Defensive coordinator Mark Banker said Akinmoladun and walk-on Ross Dzuris of Plattsmouth continue to be the top backups at defensive end, and that Akinmoladun, in particular, “needs to keep coming with the details of the assignment.”

Coaches have no qualms with Akinmoladun’s work ethic, though. Hughes, the defensive line coach, said Akinmoladun can be found in the film room every day, perhaps more than anybody.

“All year-round he comes in on his own, sits down, watches film,” Hughes said. “He’s a smart guy, so he learns well.”

As for the 6-3, 250-pound Dzuris — to this point most noted for his handlebar mustache — he, too, studies the game and makes it known on the field, Hughes said.
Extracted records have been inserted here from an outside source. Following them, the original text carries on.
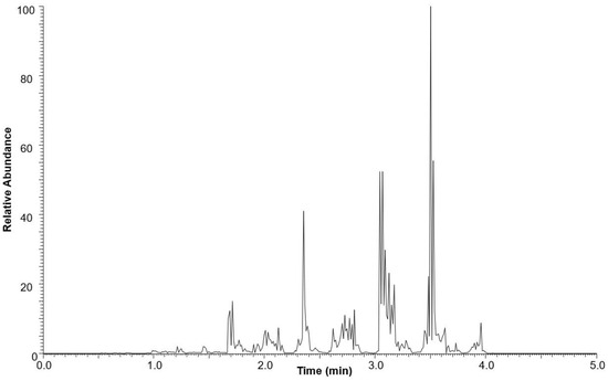 The neutral lipid fraction was further analyzed for triacylglycerol content using ultra-high-performance liquid chromatography high-resolution mass spectrometry (UHPLC-HRMS). The total ion current (TIC) chromatogram of the neutral lipid fraction is shown in Figure 3. TAGs were eluted between 1.0 and 5.0 min.
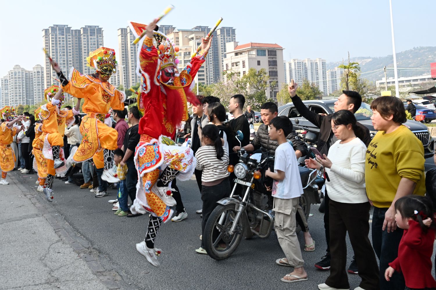 2月22日,凤岗英歌队在广东汕头潮阳区表演英歌舞,吸引民众观看。中新社
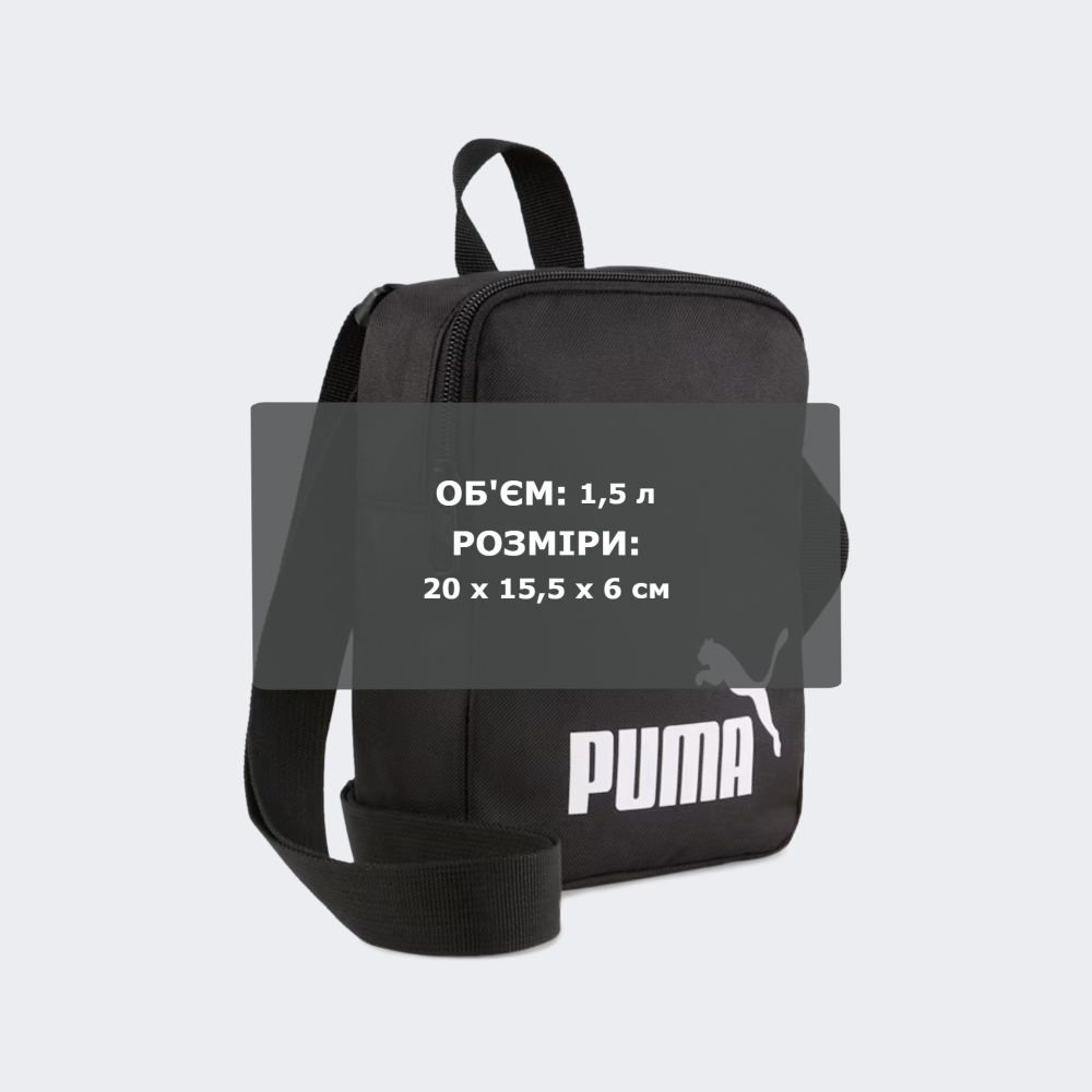 Сумка Puma Phase Portable – це стильний аксесуар, який стане Вашим незамінним супутником для активного ритму життя. Вона виготовлена з високоякісного синтетичного матеріалу, який вирізняється зносостійкістю та легкістю в догляді – просто протріть поверхню вологою тканиною, і сумка виглядатиме як нова. Просторе основне відділення зручно організовуватиме всі необхідні речі, звільнивши Ваші кишені та забезпечивши швидкий доступ до важливих дрібничок. Регульований плечовий ремінь створюватиме максимальний комфорт навіть під час тривалого носіння, а зручна петля пропонуватиме альтернативний спосіб перенесення. Завдяки універсальному дизайну сумка підходить для прогулянок, походів у справах або активного дозвілля. Контрастний логотип Puma підкреслюватиме Вашу прихильність до спортивного стилю та легендарного бренду. Puma піклується про зниження впливу на довкілля, тому модель виготовлено щонайменше на 90% з перероблених матеріалів.
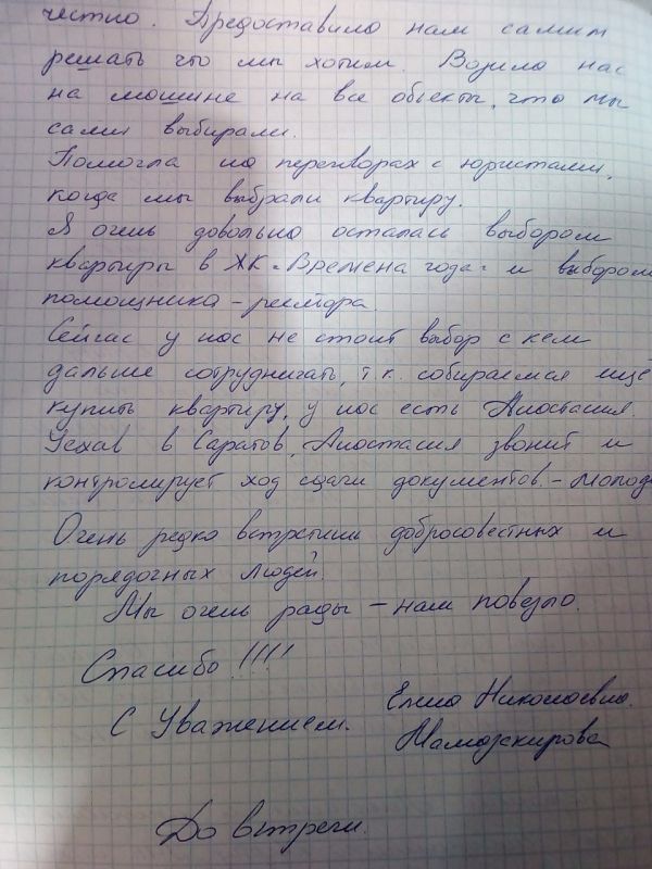 Сейчас у нас не стоит выбор с кем дальше сотрудничать, т.к. собираемся еще купить квартиру, у нас есть Анастасия. Уехав в Саратов, Анастасия звонит и контролирует ход сдачи документов – Молодец!

“And he’s a good athlete,” Hughes said. “He’ll put up some decent testing numbers. It’s not like he doesn’t have athletic ability. He has good athletic ability. But he’s also a smart guy, so he doesn’t make a lot of the same mistakes.”

Not repeating errors is big with this coaching staff, one of the reasons Akinmoladun is heeding the coaches’ offseason advice of heavy film study.

“Over time, I know I’m going to get it. I know I’m going to click,” he said. “I just have to keep pursuing and keep working hard to make sure I have everything right.”